Created on 26 Jun 2026

Authors

Déborah Suissa, Marine Fidelle, Ella Reich, Thao-Nguyen Pham, Simon Thomas, Johannes R Björk, Peng Liu, Liwei Zhao, Koji Kitaoka, Eléonore Piard, Isabelle Lebhar, Ai-Ling Tian, Cassandra Thelemaque, Carolina Alves Costa Silva, Eric Deutsch, Yohann Loriot, Nicola Segata, Gianmarco Piccinno, Geke A P Hospers, Saman Maleki Vareki, Michael S Silverman, John G Lenehan, Véronique Bataille, David Boulate, Tatiana Kuznetsova, Rinse K Weersma, Meriem Messaoudene, Sylvère Durand, Carlijn M van der Aalst, Harry J de Koning, Beatrice Schuler-Thurner, I Jolanda M de Vries, Edmond Rafie, Renée Maria Saliby, Marc Machaalani, Sebastian Haferkamp, Bastian Schilling, Serena Porcari, Chiara Ciccarese, Roberto Iacovelli, Chiara Cremolini, Toni K Choueiri, Arielle Elkrief, Guido Kroemer, Lucie Heinzerling, Kenji Chamoto, Gianluca Ianiro, Bertrand Routy, Lisa Derosa, Nikos Paragios, Laurence Zitvogel

Published in

Nature medicine.
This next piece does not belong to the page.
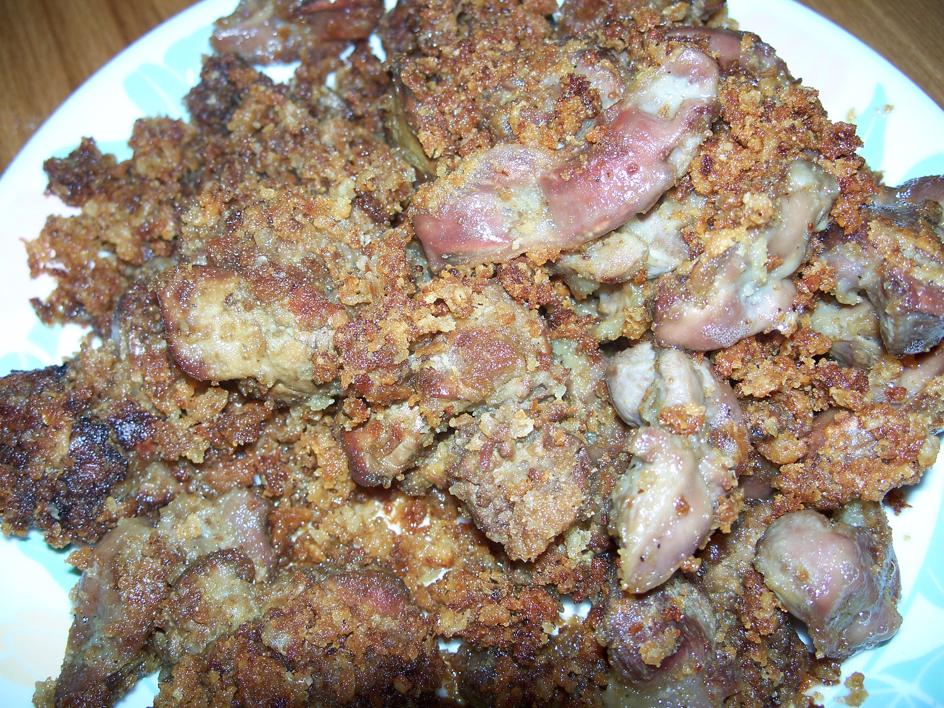 Fried gizzards and livers. Image taken by myself, Vance Cannon, in September 2007.

Jun 25, 2026. Epub Jun 25, 2026.

Abstract

Immune-checkpoint inhibitors benefit a subset of patients with advanced cancer, and the metabolic determinants of response remain unclear. Here, using targeted metabolomics and metagenomics, we profiled 4,336 plasma samples from 1,714 patients across five tumor types and 16 cohorts spanning Europe and North America, longitudinally sampled during five immune-checkpoint inhibitor-based treatment modalities, including fecal microbiota transplantation. A multimodal machine-learning framework integrating 154 metabolites with clinical variables identified five metabolites, age, body mass index and renal function as predictors of 12-month progression-free survival. The model achieved areas under the curve of 0.88 in training and 0.73 in validation cohorts of 105 and 30 patients, respectively and generalized across seven external cohorts. Histidine was a favorable prognostic feature of survival, whereas long-chain fatty acids and succinate were negatively associated with outcome. Histidine supplementation enhanced antitumor immunity in mice. Histidine-rich diets improved progression-free survival in patients lacking dysbiotic microbiome signatures associated with histidine catabolism.

PMID:
42350644
Bibliographic data and abstract were imported from PubMed on 26 Jun 2026.